▶ **What the exercise asks**:
Reproduce the lines below verbatim. Pictures are to be omitted.

▶ **Input data**:
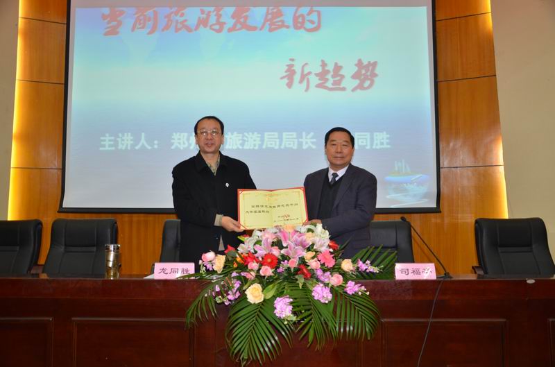 为深入推进校企政合作,将更多优秀行业人才充实到公司的兼职教师队伍,进一步提高团队水平和专业建设水平,公司聘请了郑州市旅游局局长龙同胜为客座教授。
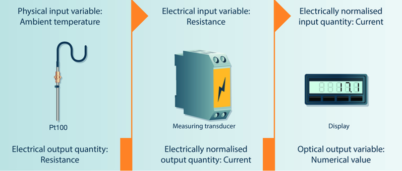 Generally, measurement chains are used to normalise different output variables to a uniform measurement signal. This enables signal transmission to a central processing and control unit. Each sensor within this measuring chain converts a measured variable recorded as an input signal into a corresponding output signal. This is illustrated schematically in Figure 3.
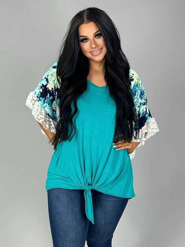 CP-O {Eternal Princess} Teal Front Tie Top with Floral Lace Sleeves
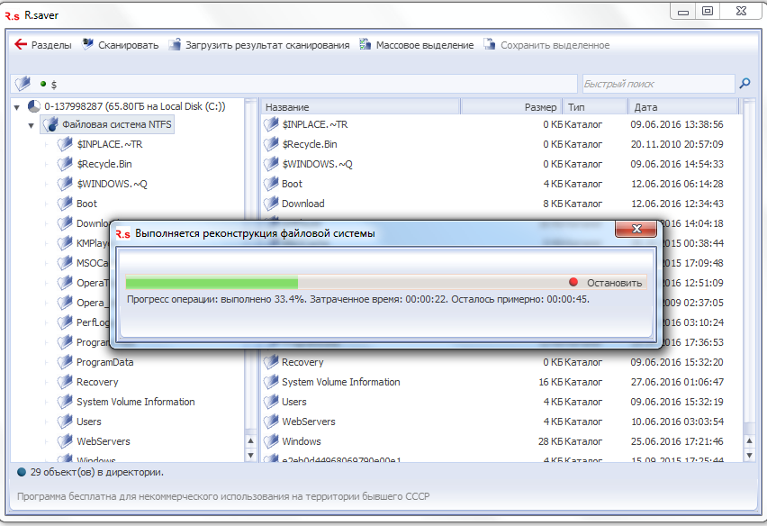 После завершения процесса сканирования, нам представляется файловая система в реконструированном виде.

▶ **Written response**:
 为深入推进校企政合作,将更多优秀行业人才充实到公司的兼职教师队伍,进一步提高团队水平和专业建设水平,公司聘请了郑州市旅游局局长龙同胜为客座教授。
 Generally, measurement chains are used to normalise different output variables to a uniform measurement signal. This enables signal transmission to a central processing and control unit. Each sensor within this measuring chain converts a measured variable recorded as an input signal into a corresponding output signal. This is illustrated schematically in Figure 3.
 CP-O {Eternal Princess} Teal Front Tie Top with Floral Lace Sleeves
 После завершения процесса сканирования, нам представляется файловая система в реконструированном виде.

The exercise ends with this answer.